── LISTED ENTRIES

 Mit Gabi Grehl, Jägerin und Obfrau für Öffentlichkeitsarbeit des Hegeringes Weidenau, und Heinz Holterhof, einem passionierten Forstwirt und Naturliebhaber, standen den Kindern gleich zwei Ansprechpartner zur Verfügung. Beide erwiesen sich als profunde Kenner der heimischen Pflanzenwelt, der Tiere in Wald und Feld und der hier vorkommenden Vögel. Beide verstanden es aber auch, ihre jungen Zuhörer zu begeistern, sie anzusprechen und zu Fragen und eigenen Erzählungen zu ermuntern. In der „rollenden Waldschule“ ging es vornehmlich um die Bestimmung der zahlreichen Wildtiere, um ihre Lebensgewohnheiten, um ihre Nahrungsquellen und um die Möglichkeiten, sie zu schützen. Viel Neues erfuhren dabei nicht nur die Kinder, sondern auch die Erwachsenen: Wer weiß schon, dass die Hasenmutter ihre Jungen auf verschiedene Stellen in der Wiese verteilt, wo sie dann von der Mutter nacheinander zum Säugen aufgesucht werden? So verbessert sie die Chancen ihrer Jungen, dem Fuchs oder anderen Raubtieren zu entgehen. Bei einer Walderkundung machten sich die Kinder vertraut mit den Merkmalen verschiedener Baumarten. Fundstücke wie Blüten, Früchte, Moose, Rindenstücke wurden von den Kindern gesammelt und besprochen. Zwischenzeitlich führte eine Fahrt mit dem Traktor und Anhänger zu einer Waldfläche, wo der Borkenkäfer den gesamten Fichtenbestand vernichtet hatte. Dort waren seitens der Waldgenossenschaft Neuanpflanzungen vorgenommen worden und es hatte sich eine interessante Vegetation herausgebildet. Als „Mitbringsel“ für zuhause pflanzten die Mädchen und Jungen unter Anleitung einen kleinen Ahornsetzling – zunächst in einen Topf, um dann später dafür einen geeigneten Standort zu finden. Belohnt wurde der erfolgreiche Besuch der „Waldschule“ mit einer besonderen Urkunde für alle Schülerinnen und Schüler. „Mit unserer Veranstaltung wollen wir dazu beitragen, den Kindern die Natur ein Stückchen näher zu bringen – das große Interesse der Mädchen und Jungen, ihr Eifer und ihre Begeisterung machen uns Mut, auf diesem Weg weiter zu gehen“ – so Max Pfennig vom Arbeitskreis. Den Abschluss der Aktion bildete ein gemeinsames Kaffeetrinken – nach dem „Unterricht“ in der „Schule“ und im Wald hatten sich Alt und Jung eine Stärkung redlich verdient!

────
── LISTED ENTRIES

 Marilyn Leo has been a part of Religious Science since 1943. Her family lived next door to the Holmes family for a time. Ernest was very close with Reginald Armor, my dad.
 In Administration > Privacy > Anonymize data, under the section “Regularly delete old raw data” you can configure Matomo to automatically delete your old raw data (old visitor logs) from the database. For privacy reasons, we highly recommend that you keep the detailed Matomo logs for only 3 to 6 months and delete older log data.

────

[DIRECTIONS] Using the entries above, repeat only the lines from the one containing "Marilyn Leo has" through the one containing "In Administration >", end lines included.

[OUTPUT OF THE EXERCISE]
 Marilyn Leo has been a part of Religious Science since 1943. Her family lived next door to the Holmes family for a time. Ernest was very close with Reginald Armor, my dad.
 In Administration > Privacy > Anonymize data, under the section “Regularly delete old raw data” you can configure Matomo to automatically delete your old raw data (old visitor logs) from the database. For privacy reasons, we highly recommend that you keep the detailed Matomo logs for only 3 to 6 months and delete older log data.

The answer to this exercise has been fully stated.